What is expected >>
Wherever an image appears in the data, omit it and copy all the remaining text word for word.
[Opening Available data section]
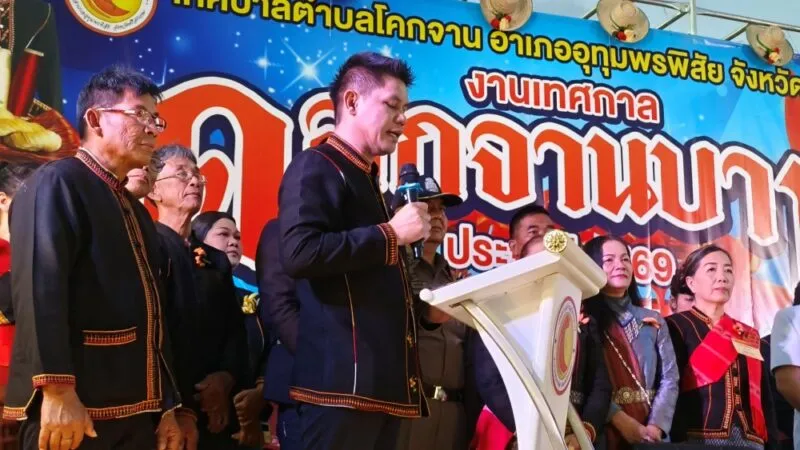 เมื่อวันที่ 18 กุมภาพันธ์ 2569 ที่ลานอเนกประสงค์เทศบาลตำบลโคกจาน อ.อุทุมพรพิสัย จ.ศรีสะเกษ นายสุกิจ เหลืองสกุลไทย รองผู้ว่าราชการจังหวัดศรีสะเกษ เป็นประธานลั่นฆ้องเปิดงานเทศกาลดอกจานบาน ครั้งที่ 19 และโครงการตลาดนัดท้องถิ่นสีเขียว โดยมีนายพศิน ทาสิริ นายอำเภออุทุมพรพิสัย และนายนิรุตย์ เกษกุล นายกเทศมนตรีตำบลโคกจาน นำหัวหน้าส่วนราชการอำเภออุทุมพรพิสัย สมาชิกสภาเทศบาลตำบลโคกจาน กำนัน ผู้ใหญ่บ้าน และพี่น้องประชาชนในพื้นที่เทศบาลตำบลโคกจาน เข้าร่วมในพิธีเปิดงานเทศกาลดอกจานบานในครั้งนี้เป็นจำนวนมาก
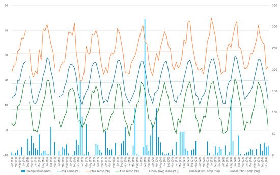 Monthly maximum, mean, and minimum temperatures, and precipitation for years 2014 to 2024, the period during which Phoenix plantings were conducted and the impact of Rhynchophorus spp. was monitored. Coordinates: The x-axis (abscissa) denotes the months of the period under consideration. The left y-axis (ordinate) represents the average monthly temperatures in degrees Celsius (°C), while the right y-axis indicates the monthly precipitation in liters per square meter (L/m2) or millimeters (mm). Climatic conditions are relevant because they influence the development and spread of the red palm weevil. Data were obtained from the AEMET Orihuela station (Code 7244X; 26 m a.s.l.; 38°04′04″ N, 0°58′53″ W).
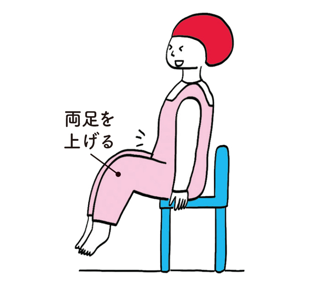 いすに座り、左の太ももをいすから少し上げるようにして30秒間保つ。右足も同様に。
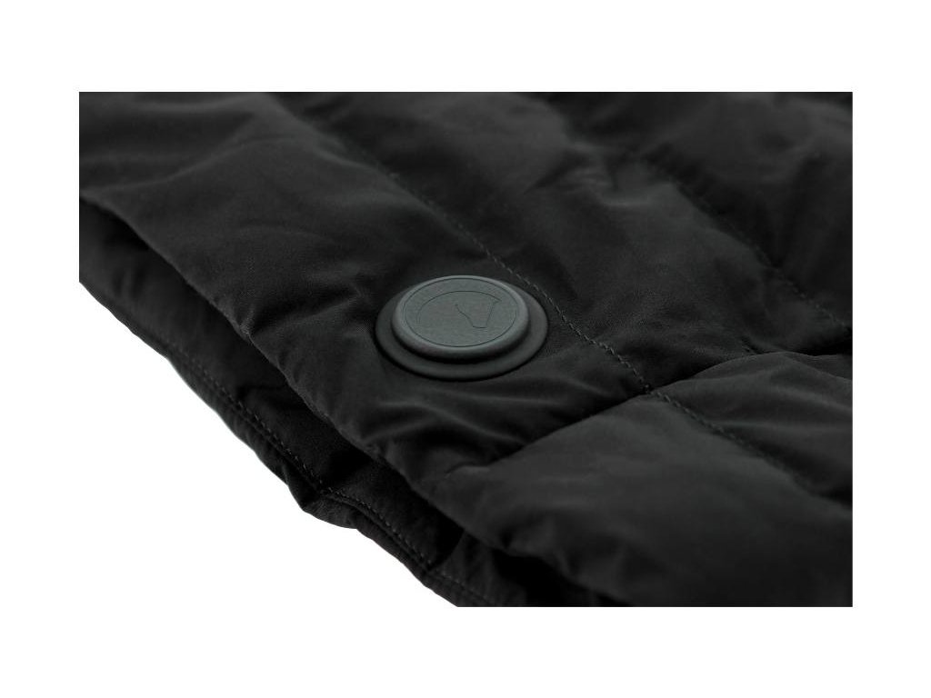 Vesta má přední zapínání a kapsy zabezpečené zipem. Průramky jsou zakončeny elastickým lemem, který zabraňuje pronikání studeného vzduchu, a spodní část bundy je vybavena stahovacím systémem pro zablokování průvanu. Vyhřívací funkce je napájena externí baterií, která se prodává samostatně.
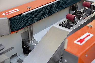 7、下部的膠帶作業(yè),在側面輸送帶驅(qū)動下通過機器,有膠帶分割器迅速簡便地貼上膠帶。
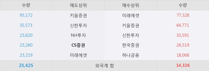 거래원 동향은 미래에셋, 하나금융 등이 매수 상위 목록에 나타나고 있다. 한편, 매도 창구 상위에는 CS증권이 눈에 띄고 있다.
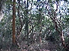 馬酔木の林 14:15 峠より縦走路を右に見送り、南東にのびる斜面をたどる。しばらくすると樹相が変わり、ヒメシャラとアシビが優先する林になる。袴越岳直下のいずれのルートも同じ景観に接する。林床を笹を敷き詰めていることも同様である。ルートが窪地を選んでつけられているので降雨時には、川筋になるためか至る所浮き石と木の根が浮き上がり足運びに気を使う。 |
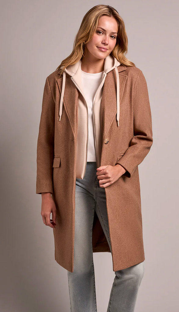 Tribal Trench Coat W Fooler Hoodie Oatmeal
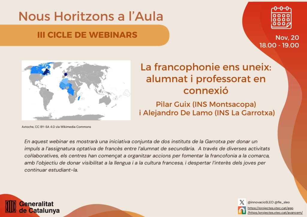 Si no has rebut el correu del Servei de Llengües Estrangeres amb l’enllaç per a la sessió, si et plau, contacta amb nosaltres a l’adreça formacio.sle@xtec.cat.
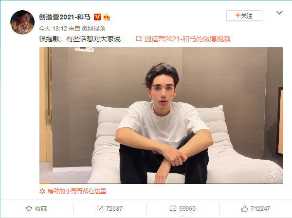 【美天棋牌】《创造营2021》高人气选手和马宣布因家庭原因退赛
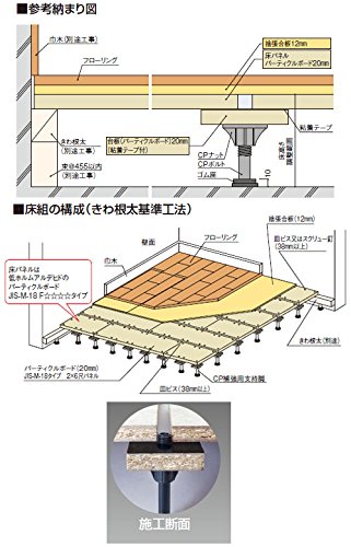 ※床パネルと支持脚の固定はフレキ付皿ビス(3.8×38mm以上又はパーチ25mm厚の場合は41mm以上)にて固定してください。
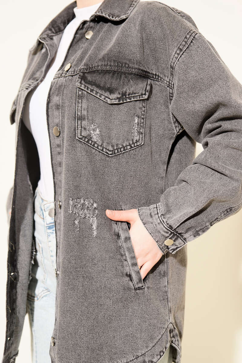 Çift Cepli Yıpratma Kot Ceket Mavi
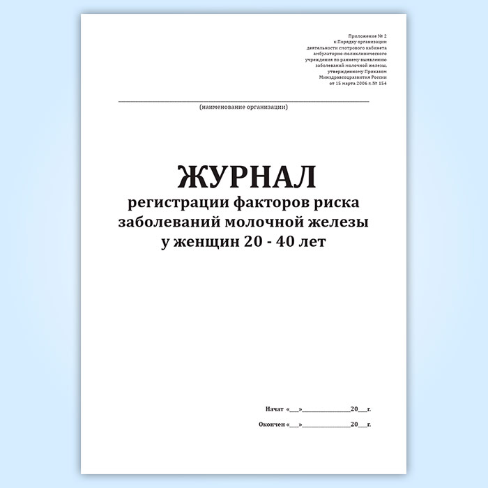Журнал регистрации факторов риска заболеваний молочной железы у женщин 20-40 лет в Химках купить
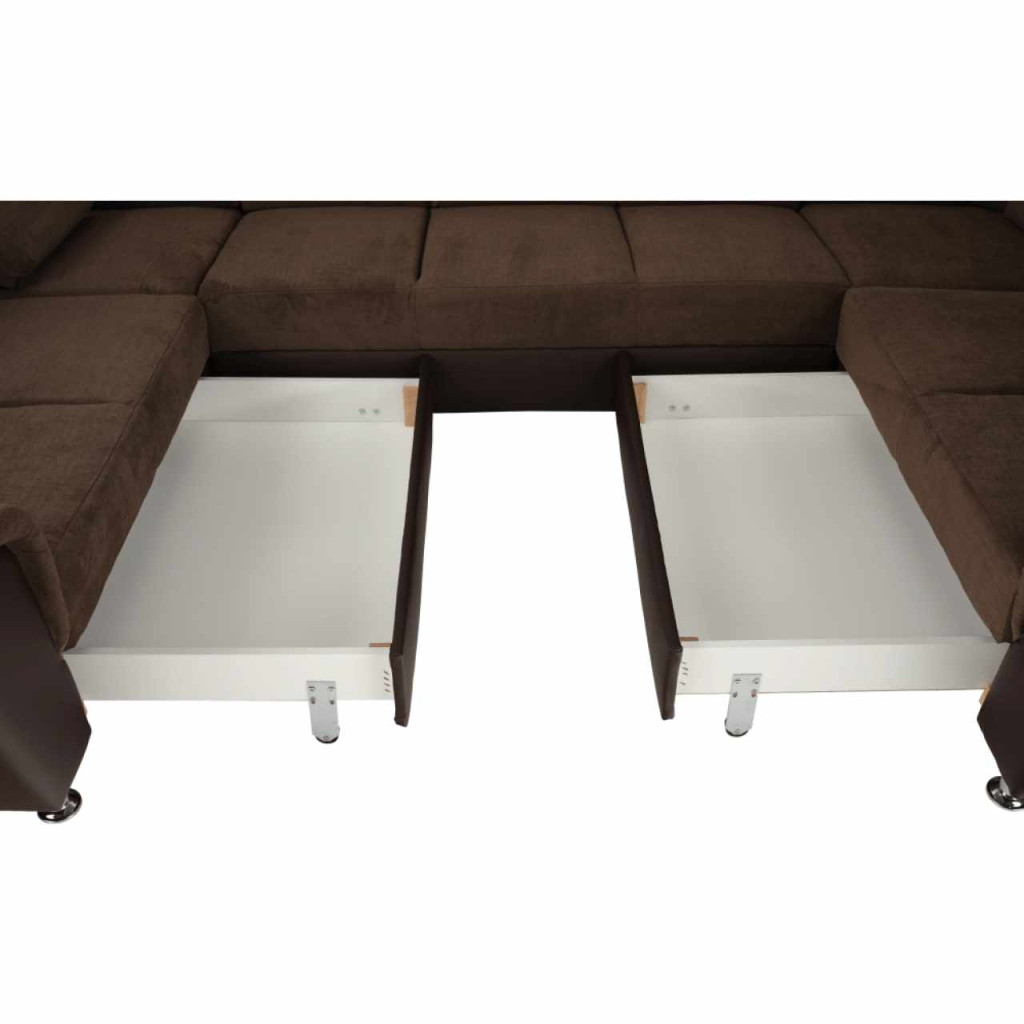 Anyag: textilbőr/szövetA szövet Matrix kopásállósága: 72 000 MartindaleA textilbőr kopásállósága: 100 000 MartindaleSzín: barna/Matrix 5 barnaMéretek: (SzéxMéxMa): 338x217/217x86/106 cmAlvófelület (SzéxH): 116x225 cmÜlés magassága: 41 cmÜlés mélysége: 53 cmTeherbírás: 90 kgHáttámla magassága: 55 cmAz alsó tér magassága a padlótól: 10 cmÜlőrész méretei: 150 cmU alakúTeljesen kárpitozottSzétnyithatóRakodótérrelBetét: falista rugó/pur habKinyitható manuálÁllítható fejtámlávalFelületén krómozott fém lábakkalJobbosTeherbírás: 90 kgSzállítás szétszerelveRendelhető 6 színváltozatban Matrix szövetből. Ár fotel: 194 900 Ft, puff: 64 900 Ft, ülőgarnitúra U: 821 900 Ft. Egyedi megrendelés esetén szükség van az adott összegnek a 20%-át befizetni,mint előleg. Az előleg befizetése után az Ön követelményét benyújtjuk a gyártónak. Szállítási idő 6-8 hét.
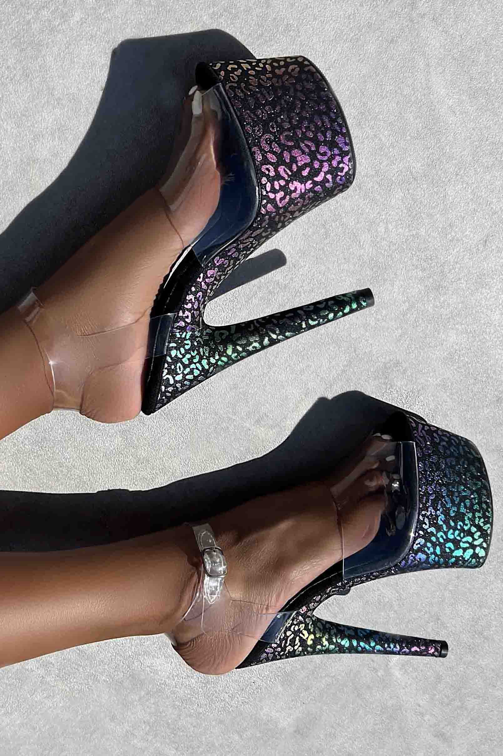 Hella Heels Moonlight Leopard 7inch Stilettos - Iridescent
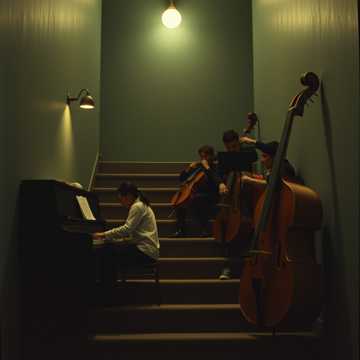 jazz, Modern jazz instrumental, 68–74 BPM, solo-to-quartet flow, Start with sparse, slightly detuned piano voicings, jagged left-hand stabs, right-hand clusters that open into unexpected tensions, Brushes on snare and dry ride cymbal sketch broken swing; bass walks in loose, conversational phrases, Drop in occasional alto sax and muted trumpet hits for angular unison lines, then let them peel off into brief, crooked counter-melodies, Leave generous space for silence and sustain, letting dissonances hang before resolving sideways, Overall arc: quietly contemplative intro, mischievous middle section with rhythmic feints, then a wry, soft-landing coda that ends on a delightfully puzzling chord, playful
[Closing Available data section]
Answer to the exercise >>
 เมื่อวันที่ 18 กุมภาพันธ์ 2569 ที่ลานอเนกประสงค์เทศบาลตำบลโคกจาน อ.อุทุมพรพิสัย จ.ศรีสะเกษ นายสุกิจ เหลืองสกุลไทย รองผู้ว่าราชการจังหวัดศรีสะเกษ เป็นประธานลั่นฆ้องเปิดงานเทศกาลดอกจานบาน ครั้งที่ 19 และโครงการตลาดนัดท้องถิ่นสีเขียว โดยมีนายพศิน ทาสิริ นายอำเภออุทุมพรพิสัย และนายนิรุตย์ เกษกุล นายกเทศมนตรีตำบลโคกจาน นำหัวหน้าส่วนราชการอำเภออุทุมพรพิสัย สมาชิกสภาเทศบาลตำบลโคกจาน กำนัน ผู้ใหญ่บ้าน และพี่น้องประชาชนในพื้นที่เทศบาลตำบลโคกจาน เข้าร่วมในพิธีเปิดงานเทศกาลดอกจานบานในครั้งนี้เป็นจำนวนมาก
 Monthly maximum, mean, and minimum temperatures, and precipitation for years 2014 to 2024, the period during which Phoenix plantings were conducted and the impact of Rhynchophorus spp. was monitored. Coordinates: The x-axis (abscissa) denotes the months of the period under consideration. The left y-axis (ordinate) represents the average monthly temperatures in degrees Celsius (°C), while the right y-axis indicates the monthly precipitation in liters per square meter (L/m2) or millimeters (mm). Climatic conditions are relevant because they influence the development and spread of the red palm weevil. Data were obtained from the AEMET Orihuela station (Code 7244X; 26 m a.s.l.; 38°04′04″ N, 0°58′53″ W).
 いすに座り、左の太ももをいすから少し上げるようにして30秒間保つ。右足も同様に。
 Vesta má přední zapínání a kapsy zabezpečené zipem. Průramky jsou zakončeny elastickým lemem, který zabraňuje pronikání studeného vzduchu, a spodní část bundy je vybavena stahovacím systémem pro zablokování průvanu. Vyhřívací funkce je napájena externí baterií, která se prodává samostatně.
 7、下部的膠帶作業(yè),在側面輸送帶驅(qū)動下通過機器,有膠帶分割器迅速簡便地貼上膠帶。
 거래원 동향은 미래에셋, 하나금융 등이 매수 상위 목록에 나타나고 있다. 한편, 매도 창구 상위에는 CS증권이 눈에 띄고 있다.
 馬酔木の林 14:15 峠より縦走路を右に見送り、南東にのびる斜面をたどる。しばらくすると樹相が変わり、ヒメシャラとアシビが優先する林になる。袴越岳直下のいずれのルートも同じ景観に接する。林床を笹を敷き詰めていることも同様である。ルートが窪地を選んでつけられているので降雨時には、川筋になるためか至る所浮き石と木の根が浮き上がり足運びに気を使う。 |
 Tribal Trench Coat W Fooler Hoodie Oatmeal
 Si no has rebut el correu del Servei de Llengües Estrangeres amb l’enllaç per a la sessió, si et plau, contacta amb nosaltres a l’adreça formacio.sle@xtec.cat.
 【美天棋牌】《创造营2021》高人气选手和马宣布因家庭原因退赛
 ※床パネルと支持脚の固定はフレキ付皿ビス(3.8×38mm以上又はパーチ25mm厚の場合は41mm以上)にて固定してください。
 Çift Cepli Yıpratma Kot Ceket Mavi
Журнал регистрации факторов риска заболеваний молочной железы у женщин 20-40 лет в Химках купить
 Anyag: textilbőr/szövetA szövet Matrix kopásállósága: 72 000 MartindaleA textilbőr kopásállósága: 100 000 MartindaleSzín: barna/Matrix 5 barnaMéretek: (SzéxMéxMa): 338x217/217x86/106 cmAlvófelület (SzéxH): 116x225 cmÜlés magassága: 41 cmÜlés mélysége: 53 cmTeherbírás: 90 kgHáttámla magassága: 55 cmAz alsó tér magassága a padlótól: 10 cmÜlőrész méretei: 150 cmU alakúTeljesen kárpitozottSzétnyithatóRakodótérrelBetét: falista rugó/pur habKinyitható manuálÁllítható fejtámlávalFelületén krómozott fém lábakkalJobbosTeherbírás: 90 kgSzállítás szétszerelveRendelhető 6 színváltozatban Matrix szövetből. Ár fotel: 194 900 Ft, puff: 64 900 Ft, ülőgarnitúra U: 821 900 Ft. Egyedi megrendelés esetén szükség van az adott összegnek a 20%-át befizetni,mint előleg. Az előleg befizetése után az Ön követelményét benyújtjuk a gyártónak. Szállítási idő 6-8 hét.
 Hella Heels Moonlight Leopard 7inch Stilettos - Iridescent
 jazz, Modern jazz instrumental, 68–74 BPM, solo-to-quartet flow, Start with sparse, slightly detuned piano voicings, jagged left-hand stabs, right-hand clusters that open into unexpected tensions, Brushes on snare and dry ride cymbal sketch broken swing; bass walks in loose, conversational phrases, Drop in occasional alto sax and muted trumpet hits for angular unison lines, then let them peel off into brief, crooked counter-melodies, Leave generous space for silence and sustain, letting dissonances hang before resolving sideways, Overall arc: quietly contemplative intro, mischievous middle section with rhythmic feints, then a wry, soft-landing coda that ends on a delightfully puzzling chord, playful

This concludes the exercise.